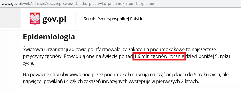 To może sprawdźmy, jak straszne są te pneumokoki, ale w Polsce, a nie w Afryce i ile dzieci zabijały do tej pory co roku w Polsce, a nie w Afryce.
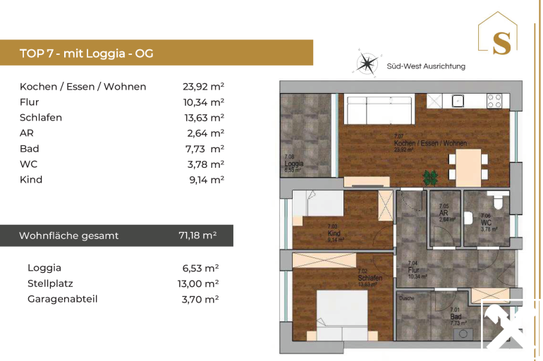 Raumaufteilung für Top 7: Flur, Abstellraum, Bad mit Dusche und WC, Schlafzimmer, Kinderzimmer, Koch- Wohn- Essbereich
* * *
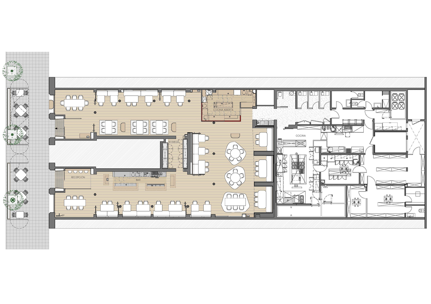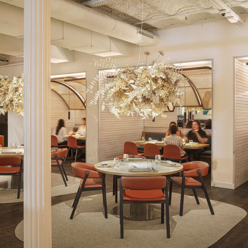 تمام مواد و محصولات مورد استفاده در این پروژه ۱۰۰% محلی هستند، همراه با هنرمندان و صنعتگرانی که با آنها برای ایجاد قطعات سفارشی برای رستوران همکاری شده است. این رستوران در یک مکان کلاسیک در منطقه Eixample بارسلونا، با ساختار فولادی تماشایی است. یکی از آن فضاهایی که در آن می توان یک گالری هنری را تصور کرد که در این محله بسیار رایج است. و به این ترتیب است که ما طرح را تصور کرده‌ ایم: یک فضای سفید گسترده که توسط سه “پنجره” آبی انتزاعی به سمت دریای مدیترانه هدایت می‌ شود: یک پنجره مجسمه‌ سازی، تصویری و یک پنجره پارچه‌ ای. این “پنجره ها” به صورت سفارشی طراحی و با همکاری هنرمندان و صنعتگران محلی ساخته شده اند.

### WORK ITEM
Going back to the data above, write out everything from the line with "To może sprawdźmy, jak" down to the line with "Raumaufteilung für Top", both included, leaving every picture out.

### EXERCISE RESPONSE
 To może sprawdźmy, jak straszne są te pneumokoki, ale w Polsce, a nie w Afryce i ile dzieci zabijały do tej pory co roku w Polsce, a nie w Afryce.
 Raumaufteilung für Top 7: Flur, Abstellraum, Bad mit Dusche und WC, Schlafzimmer, Kinderzimmer, Koch- Wohn- Essbereich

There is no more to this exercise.